Из-за угла показались двое конных жандармов и велели мне проследовать за ними до ближайшего фонаря. Недоверчиво и, как все верховые, высокомерно они оглядели меня, но, по-видимому, пригревшись в седлах, не пожелали заниматься мной подробнее и проверять документы.
— У вас глаза шпика, сударь.
— Глаза или взгляд?
— И то, и другое. Не удивлюсь, если вы принадлежите к братству.
— Вы имеете в виду карбонариев?
— Но вы, конечно же, станете отрицать. Почему у вас такой наглый взгляд?
— А если за ним скрывается доброе сердце?

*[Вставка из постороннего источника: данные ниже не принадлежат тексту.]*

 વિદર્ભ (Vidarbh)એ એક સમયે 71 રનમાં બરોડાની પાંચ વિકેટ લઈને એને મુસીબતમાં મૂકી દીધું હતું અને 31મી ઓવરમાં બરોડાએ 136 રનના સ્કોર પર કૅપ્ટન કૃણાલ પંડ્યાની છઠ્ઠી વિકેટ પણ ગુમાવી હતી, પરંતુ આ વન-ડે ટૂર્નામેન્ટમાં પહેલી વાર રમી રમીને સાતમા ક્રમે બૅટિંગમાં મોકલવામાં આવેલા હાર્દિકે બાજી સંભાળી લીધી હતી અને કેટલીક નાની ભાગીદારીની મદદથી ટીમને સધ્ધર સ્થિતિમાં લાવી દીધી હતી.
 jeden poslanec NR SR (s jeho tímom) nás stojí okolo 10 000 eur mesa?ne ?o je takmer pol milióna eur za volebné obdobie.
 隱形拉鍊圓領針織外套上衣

Жандармы без слов рысцой потрусили дальше, я же смачно сплюнул им вслед. Что было в полном соответствии с правилами хорошего тона всех людей интеллигентных профессий. Представители парижской полиции считались тогда ярыми приверженцами премьер-министра де Вильеля, а тот, в свою очередь, — ярым монархистом, так что угроза реставрации абсолютизма была вполне реальной. Будучи противником принятой в 1814 году либеральной конституции, де Вильель в те месяцы отправлял властные полномочия вместо нашего толстобрюхого обжоры Людовика XVIII. Характерно, что первыми его решениями на этой ниве были отмена свободы печати и запрет на профессию для демократически настроенной университетской профессуры.

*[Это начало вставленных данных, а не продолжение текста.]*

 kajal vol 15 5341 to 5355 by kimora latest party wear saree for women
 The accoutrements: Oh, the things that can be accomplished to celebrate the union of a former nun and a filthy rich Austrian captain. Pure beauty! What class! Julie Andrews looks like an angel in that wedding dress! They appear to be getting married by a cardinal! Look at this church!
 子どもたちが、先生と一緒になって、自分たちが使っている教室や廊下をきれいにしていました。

До сих пор я довольно внушал себе, что я — человек аполитичный, однако когда 21 сентября по приказу Вильеля на Гревской площади были казнены четверо нижних офицерских чинов за участие в заговоре Ла Рошели, я был так возмущен, что окончательно перебрался в лагерь противников Бурбонов, из чего особого секрета не делаю, впрочем, как и очень многие мои либерально настроенные соотечественники, разделяющие цели карбонариев. Не спорю, за прошедшие два года у последних на совести несколько отнюдь не бескровных бунтов, но чему здесь удивляться? Ведь не кто-нибудь, а именно Бурбоны втоптали в грязь и кровь понятие свободы народа и гражданских нрав. Я считаю, что то обстоятельство, что среди карбонариев немало представителей высших сословий — промышленников, высокопоставленных военных и врачей, не говоря уже об адвокатах, профессорах, коммерсантах, студентах и ремесленниках, — говорит само за себя. Все они — противники абсолютизма в любой его форме, все они выступали за созыв Законодательного Национального собрания с тем, чтобы сам народ решил, какая из форм государственного устройства больше подходит ему.